Levando em consideração os parâmetros estabelecidos pelos mestres nos quais esta pesquisa se apoia, os registros e análises do processo são importantes para a construção de um referencial teórico vivo e singular:

Aprender a anotar por escrito as vivências e reflexões do dia. Daí resulta um manancial de conhecimento teórico vivo, porque foi extraído direto da própria prática, e que sempre vai direcionar as ações futuras do aprendizado e da produção de trabalhos cênicos do ator e do grupo. (JANUZELLI, 1992, p. 100).

Da mesma forma penso que a reflexão sobre o que se faz e para que se faz em teatro é parte fundamental do processo; caso contrário, não só o aluno-ator deixa de se apropriar da sua prática, como também corre o risco de apreender a técnica pela técnica, isto é, sem a consciência de que o treinamento e a formação englobam questões éticas e políticas. Essa reflexão não precisa necessariamente ocorrer por meio do exercício da escrita, entretanto, esta foi requisitada pelo método adotado.

Embora não seja possível afirmar com certeza o porquê de os alunos-atores não se lançarem à tarefa do registro e da reflexão acerca do processo por meio da escrita, pode-se fazer uma analogia com as possíveis causas relacionadas à falta de disponibilidade para o treinamento.
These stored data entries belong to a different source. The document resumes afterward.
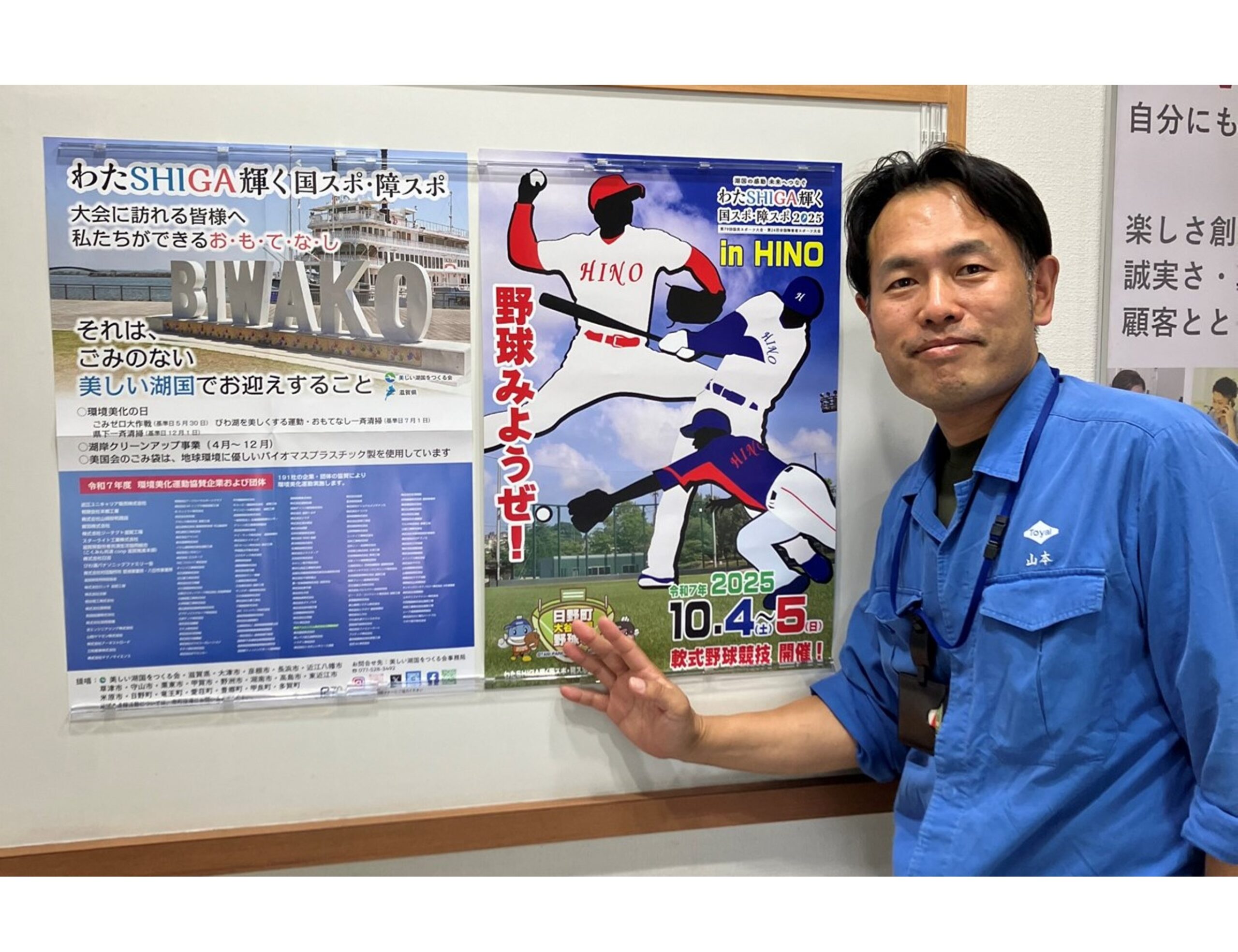 当事業所では、大会ポスターの掲出や駐車場の提供などを通じて従業員や来場されるお客様へ本大会のPRに取り組んでおります。日野町で開催される軟式野球競技をはじめ、44年ぶりに滋賀県で行われるこの歴史的な大会を地域の皆さまとともに盛り上げていきたいと思います。 がんばれ、滋賀県代表!
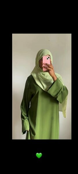 Robe longue verte fluide avec hijab assorti, parfaite pour vos sorties élégantes ou tenues de tous les jours. Etat neuf.
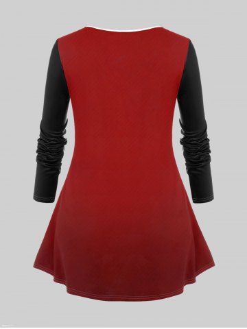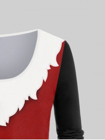 Outfit de Camiseta de Talla Extra de Navidad 3D Impreso de Manga Larga - Color Rojo Oscuro
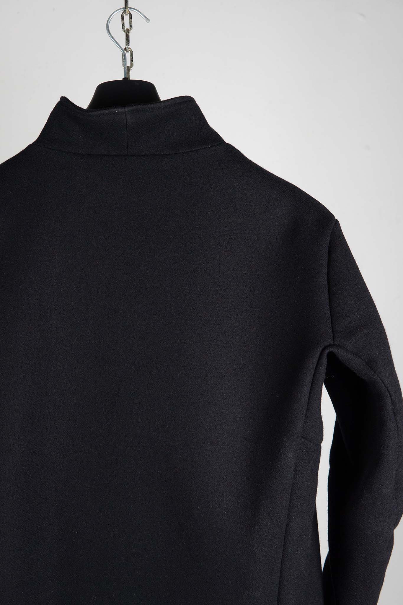バイアスに走るハイネックと比翼仕立てが生み出すラインは、ミニマルな美しさを引き立てる一着です。
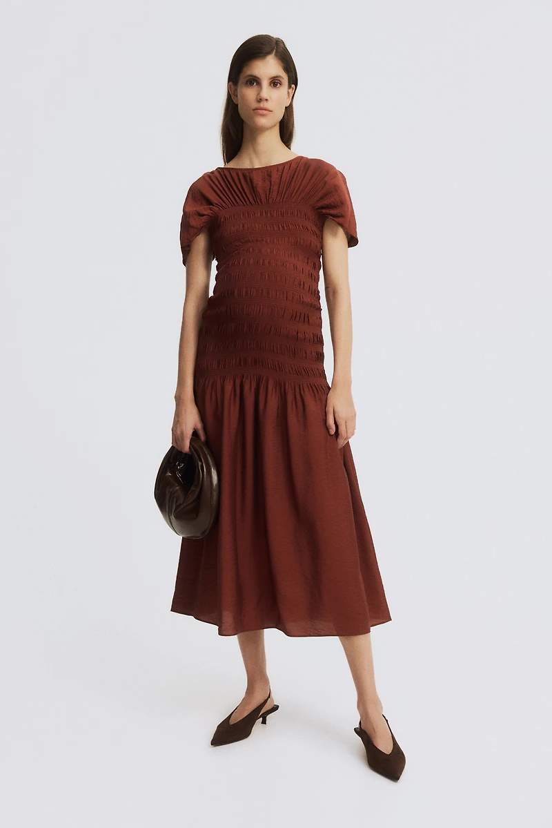Short-sleeved, ankle-length dress in a woven viscose blend with a boat neck. Generous gathers at upper section, wide smocking at midsection, and generous gathers in skirt. Unlined.
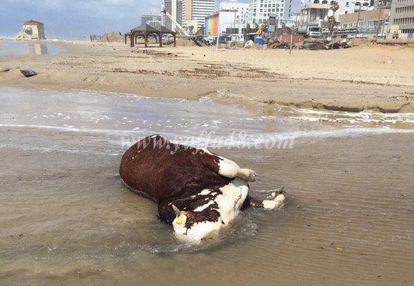بالصور: البحر يقذف ببقرة على الشاطئ شمال مدينة يافا
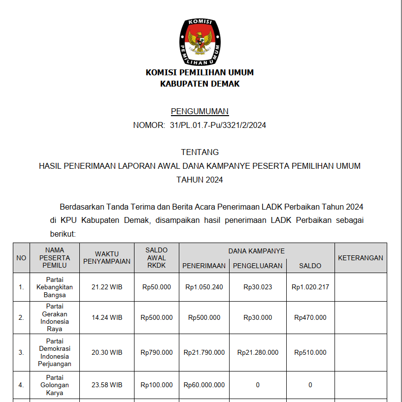 KPU Kabupaten Demak Mengumumkan Laporan Awal Dana Kampanye (LADK) Partai Politik Peserta Pemilu Tahun 2024 se-Kabupaten Demak dibawah ini:
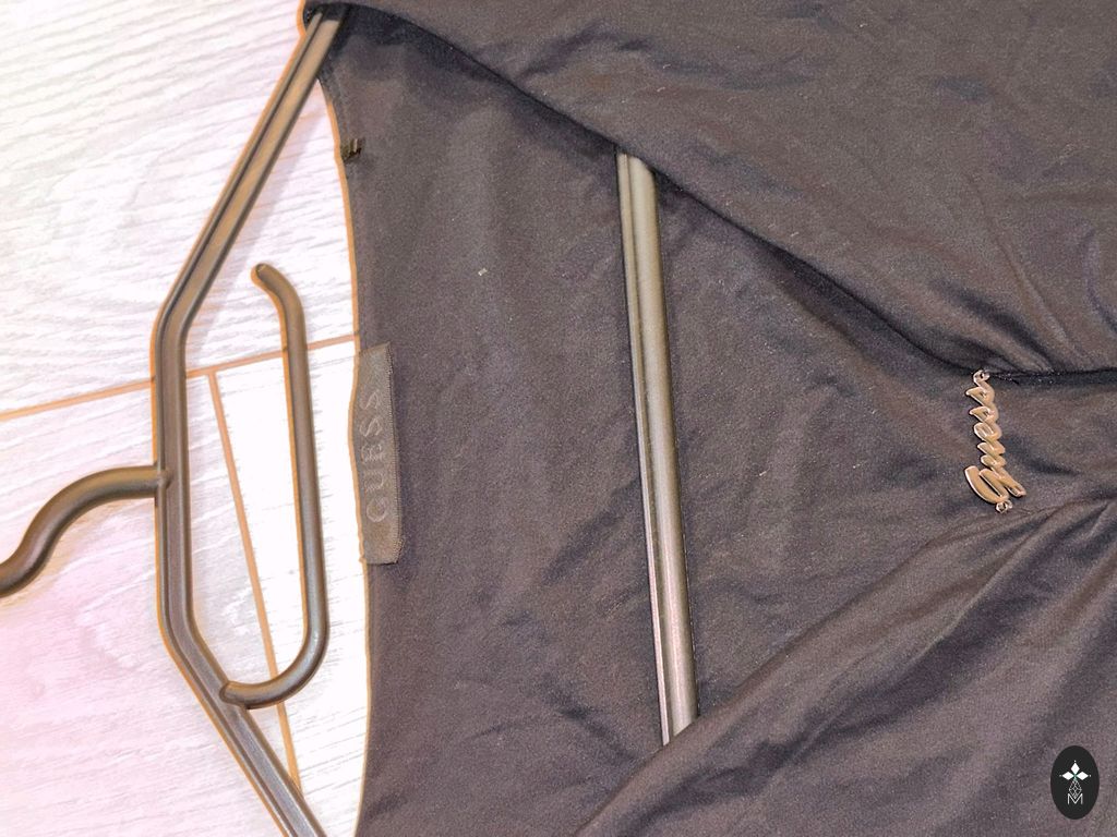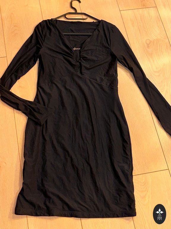 Rafinuotas pasirinkimas vakarėliams, šventėms ar elegantiškam vakarui. Suknelė turi lengvą juodą viršų su gilesne iškirpte, o sijonas gausiai puoštas raštuotais blizgučiais, kurie suteikia blizgesio ir šventinę nuotaiką.
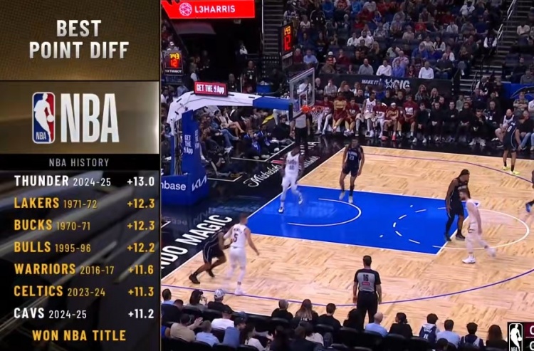第2-6均當(dāng)季奪冠!本季雷霆場(chǎng)均凈勝13分暫列歷史第1 騎士第7
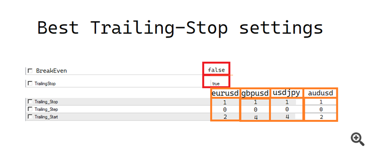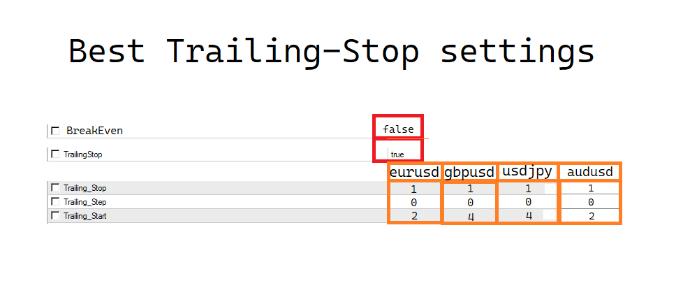 Here you have, after some tests, the best inputs for Trailing Stop and Breakeven settings:
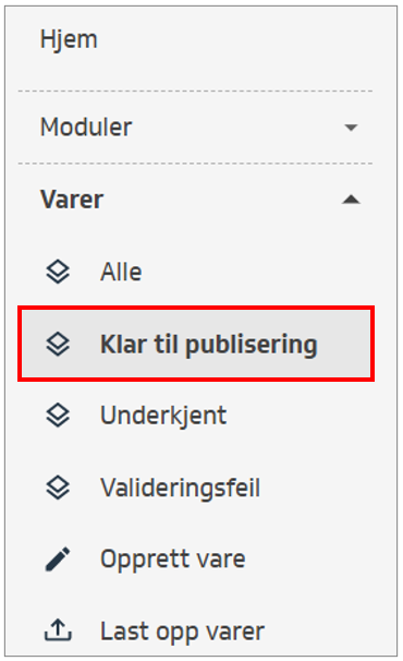Gå til menyen på venstre siden og velg Klar til publisering (under Varer)

Do meu ponto de vista, parcial e subjetivo, mesmo tentando não o ser, penso que a hipótese de Serres (2013) caberia aqui como uma resposta plausível: se o saber está ao alcance de suas mãos, por que o jovem se preocuparia com o registro? Também acredito que o olhar de Mnouchkine65 sobre o ator faz certo sentido: se o ator associa seu ofício prioritariamente com sedução e charme, falta-lhe consciência ética e política em sua ação.
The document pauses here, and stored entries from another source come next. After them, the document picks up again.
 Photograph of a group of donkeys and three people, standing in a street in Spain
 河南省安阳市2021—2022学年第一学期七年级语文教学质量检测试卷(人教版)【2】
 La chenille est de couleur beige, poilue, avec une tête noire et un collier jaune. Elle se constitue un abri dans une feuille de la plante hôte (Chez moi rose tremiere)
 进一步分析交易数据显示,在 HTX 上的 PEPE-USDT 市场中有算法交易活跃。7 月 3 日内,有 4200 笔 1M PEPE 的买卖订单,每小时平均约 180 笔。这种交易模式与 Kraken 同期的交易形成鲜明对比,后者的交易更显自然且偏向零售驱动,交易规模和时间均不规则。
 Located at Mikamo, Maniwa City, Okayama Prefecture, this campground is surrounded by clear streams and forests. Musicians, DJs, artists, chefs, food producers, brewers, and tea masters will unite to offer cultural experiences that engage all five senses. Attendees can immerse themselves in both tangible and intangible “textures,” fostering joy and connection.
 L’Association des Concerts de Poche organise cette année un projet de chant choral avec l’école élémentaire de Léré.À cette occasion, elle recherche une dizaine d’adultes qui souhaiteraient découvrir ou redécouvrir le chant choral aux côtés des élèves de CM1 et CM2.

Observando a expectativa de muitos dos alunos-atores do Teatro Experimental de Arte com a criação e desempenho de determinado papel em uma montagem, percebo que a ênfase do trabalho do ator muitas vezes não se encontrava no questionamento e na reflexão sobre o quê, por quê e como se faz teatro. Embora a participação na construção de um espetáculo traga grandes aprendizagens, nem sempre isso resulta em uma maior consciência acerca do ofício do ator, como observa Desgranges (2010, p. 72):

O processo de construção [de espetáculo] precisa carregar uma tensão e um interesse investigativo que sustentem essa prática, possibilitando uma rica experiência artística e efetiva apreensão de linguagem. Evita-se assim, que a experiência teatral dos alunos tenha um fim em si mesma, resumida a uma cópia estereotipada do teatro profissional, tornada não mais que um incentivo ao cabotinismo de pais, alunos e professores.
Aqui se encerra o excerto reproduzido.